Category: Meditation


Right it’s now April let’s see how I’m getting on…

1. Still losing weight, not sure how much as my scales are in a box in the parents’ garage. I’ve lost some inches from around my waist, I can tell this from the fact I need a belt to keep my kilt in place now. My sister is also dragging my down to her gym to sign up next week. This should be interesting as I normally hate gyms because I am so self conscious.

2. Smoking cigars again…. Not good. I’ve been so stressed out that I caved and started again. Now to reduce the number all over again.

3. Still doing well on this one, even though I now have more money I barely drink.

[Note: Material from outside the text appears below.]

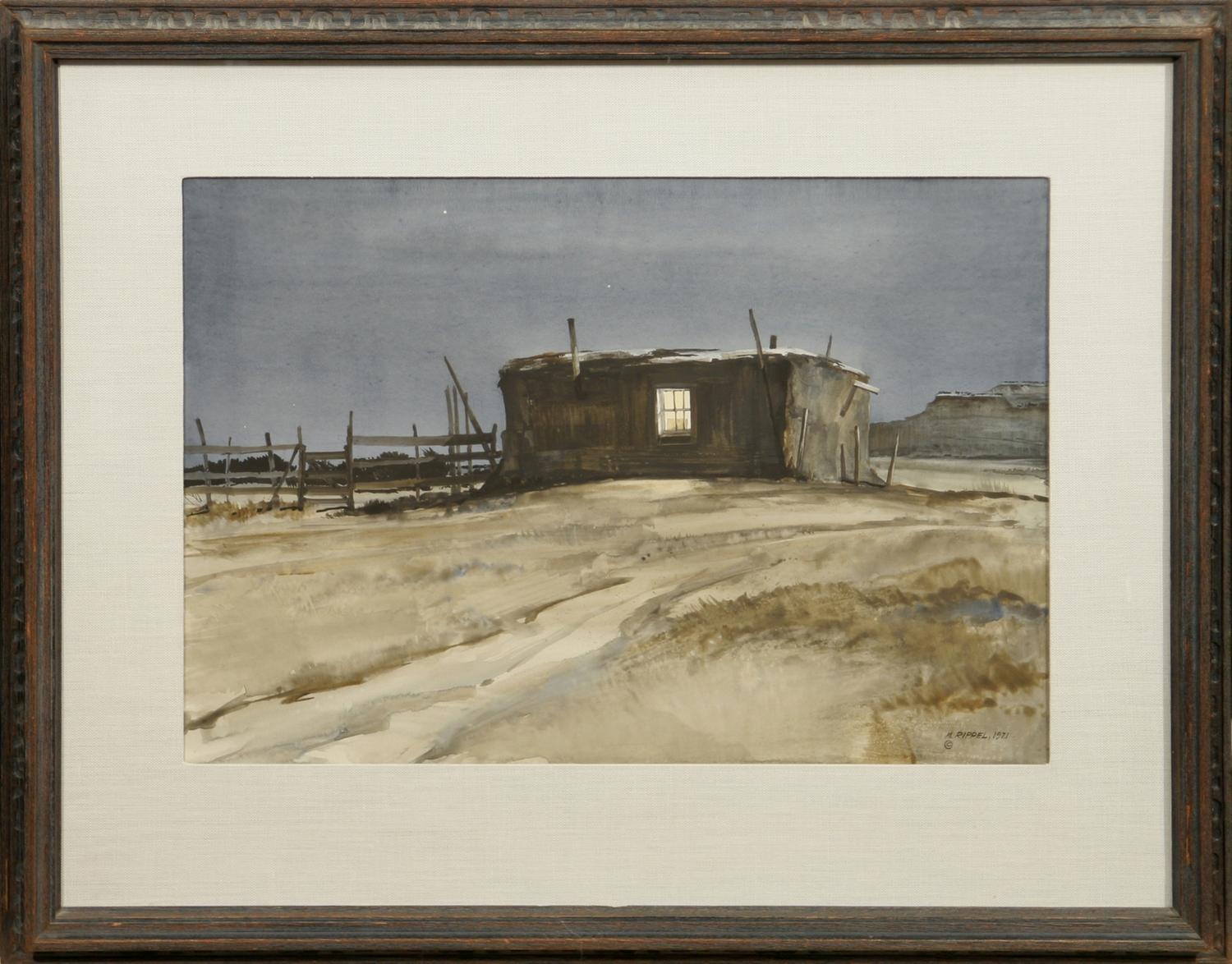 Morris Rippel (b. 1930). Camp At Mosquero Canyon. 16" x 23" watercolor. signed & dated 1971 lower right. (est $2,000-3,000) Condition Report: Excellent condition and in fine wood frame

4. Still at a dead end, just don’t have the courage to face up to a different GP and run through the gauntlet of questions again. Still no referral and I’m starting to thing they don’t give a shit about me. Might be time to move GP practice. It’s getting to the point where emotionally I think I would rather die than live without transitioning. It’s getting harder and harder to hide my true self behind the mask my mother wants to see. Hiding is slowly but surely killing me inside.

5. Still failing miserably, it’s starting to look like I might be going back to meditating and doing workings in the bath tub. No room for an altar not that I would dare set it up in my parents house.

6. I have no time to myself now. Try as I might I put time aside for me to be me I can’t have me time because everyone else demands my time. At least I am not wasting it web trawling.

Let’s see how things change in a month’s time.

Well this is going to be my new project for the year. A means of getting back in touch with my spiritual side,  which to be perfectly honest, has been neglected for the past two years and I am worse off as a result of that. My aim over the coming year is dedicated one day off to each rune of the Elder Futhark and see what each rune has to teach me. Also to see just how well I learn those lessons. I am probably going to spend a lot of time meditating, a huge challenge in itself for a caffeine addicted fidget like me.

Wish me luck and let us discover what the runes have to say to me.